String Quartet No. 3 is a set of variations on a structural theme that pervades all four movements. The composer used the computer for abstractly planning the composition, then interpreted numerical output in terms of his knowledge of string instruments. In stipulating an underlying structure, the composer starts with dimly envisioned goals, reads the computer output, and resubmits the input as long as is necessary until his esthetic goals are met. It is the feedback loop between the computer's algorithms and the living consciousness of the composer that shapes the work. However, the computer has no say in the overall form; it only computes materials for sections. The composer alone decides how to shape the musical form, by sequencing musical materials in time. In this way, the out-of time work is given over to automation, while the in-time flow of musical materials fully remains the composer's responsibility.

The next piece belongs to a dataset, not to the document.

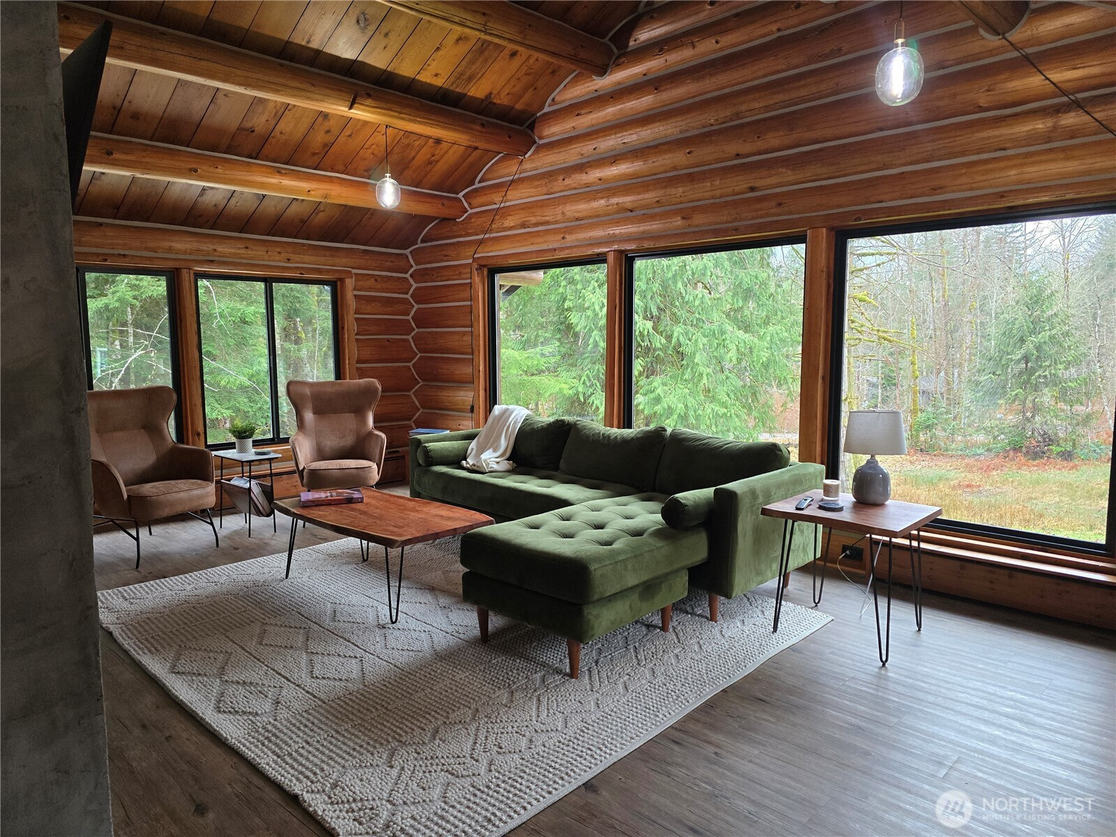 Escape to your own Mt. Baker retreat in sought-after Glacier Springs. This meticulously restored log home blends timeless Northwest architecture with modern upgrades, creating a turnkey second home designed for comfort, entertaining, & effortless lock-and-leave ownership. Cedar logs sourced from Church Mountain were professionally cleaned, double sanded, re-chinked, & sealed with premium stain to preserve their natural integrity. Major 2022–2023 improvements include a new metal roof, new windows, updated electrical & plumbing, new drywall, new gas fireplace, new 120-gallon water heater, & a fully serviced boiler—rare peace of mind for a mountain property. Vaulted ceilings & expansive picture windows frame the surrounding forest, while a dramatic floor-to-ceiling fireplace anchors the great room. The gourmet kitchen features Bosch appliances, gas cooking, built-in microwave drawer, breakfast nook, & bar seating ideal for gathering after a day on the slopes. Two private primary suites offer flexibility, including a lower-level retreat with its own entrance, mini fridge, microwave, & coffee bar. The expansive lower level also includes a large rec room & plumbing for a future kitchenette/bar—ideal for guest quarters, multigenerational living, or entertaining. Pre-wired for a generator & hot tub, with upgraded insulation throughout. You'll love the deck & spacious patio. Just minutes to trails, the river, & Mt Baker Ski Area—this is your private basecamp for year-round adventure.

In this quartet, each movement's structure is characterized by a difference in the number of independent voices, from 1 (movement I) to 4 (movement II). The more voices are used, the more the degree of freedom to interpret output during the creative process is reduced, so that the requirements for disciplined specification of input to the computer program are correspondingly increased. In the quartet, the change from 1 to 4 independent voices can be traced in the progression from movement I (1 voice) to III (2 voices) to IV (3 voices) to II (4 voices). Voices not computed by algorithm are derived from the computer output through the composer's interpretation.

In spirit, the quartet follows the composer's belief that structural decisions are fully sufficient to determine esthetic content. Working with stipulations, the composer trusts that his ability to design and plan musical progressions according to rules will yield esthetically relevant results, and that the unity of the material used will guarantee the integrity of the work as a whole. This belief was tested over a five-year period in which the many changes in the composer's life did not deter him from pursuing the work as planned. The work can be heard as a document testifying to the integrity of the musical mind unassailable by time passing, which is achieved by creating passages of time in a wholly symbolic medium.